Run repeatable checks against Agent Definitions and compare behavior changes.

Agent Evals are repeatable development checks that run an Agent Definition against one or more cases and score the resulting Agent Invocations.

Use evals when behavior matters more than one local manual test.

Define an eval

server/agents/support.eval.ts

import { defineEval, textContains } from '@vite-hub/agent/eval'
import support from './support'

export default defineEval({
  agent: support,
  scenarios: [
    {
      name: 'answers billing questions',
      input: {
        prompt: 'How do I configure billing retries?',
      },
      scorers: [
        textContains('billing'),
      ],
    },
  ],
})

Variants

Variants compare model or instruction changes against a baseline.

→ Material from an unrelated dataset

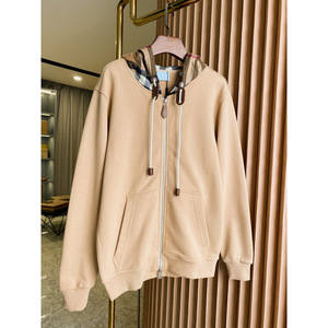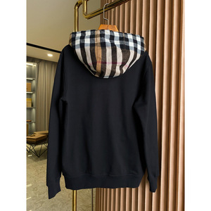 欧美潮牌秋季新款格纹拼接帽子连帽卫衣英伦情侣休闲拉链外套帽衫
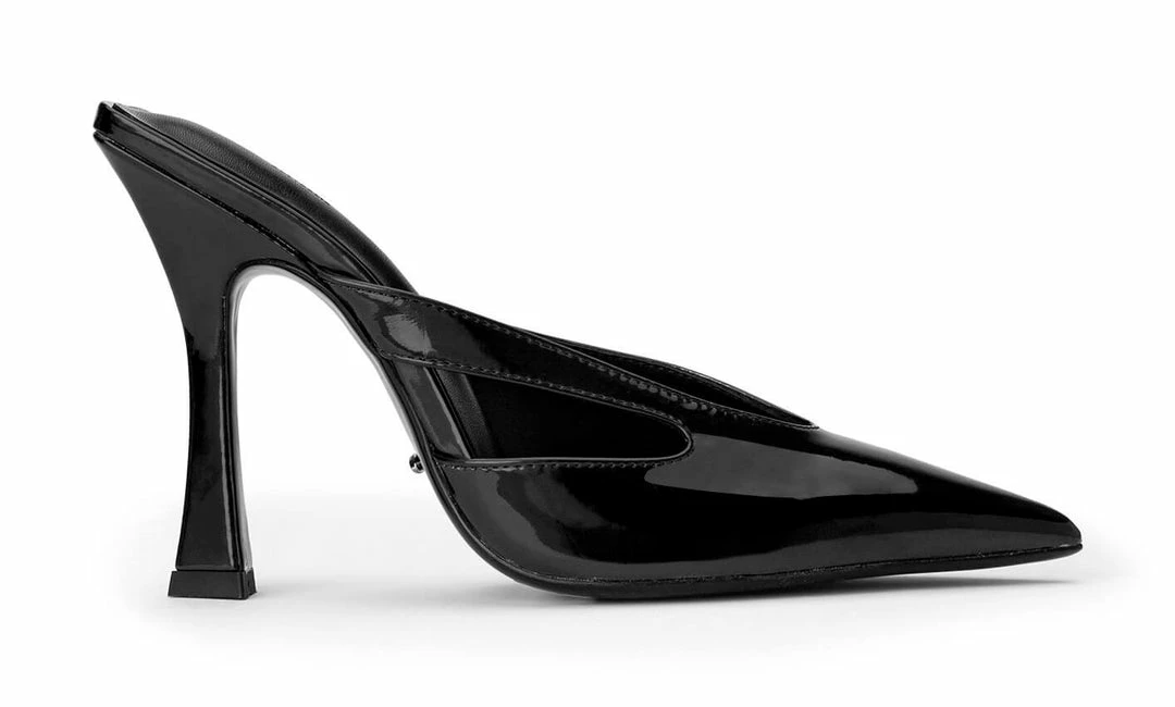 Want something classic with a subtle twist? Let us introduce you to the Princess heeled mules. Donning a black patent leather with a sleek stiletto heel, this style is sure to make a statement this season.

export default defineEval({
  agent: support,
  scenarios,
  variants: [
    { name: 'baseline' },
    {
      name: 'strict',
      instructions: 'Answer only from inspected evidence.',
    },
  ],
})

Capability, workspace, custom run, and host-runtime changes should use another Agent Definition so the boundary is explicit.

What to score

Good evals check:

Source-grounded answers.
Refusal behavior.
Tool-use expectations.
No source leakage.
Cost or latency regressions when telemetry is attached.

Keep evals close to the Agent Definition they protect.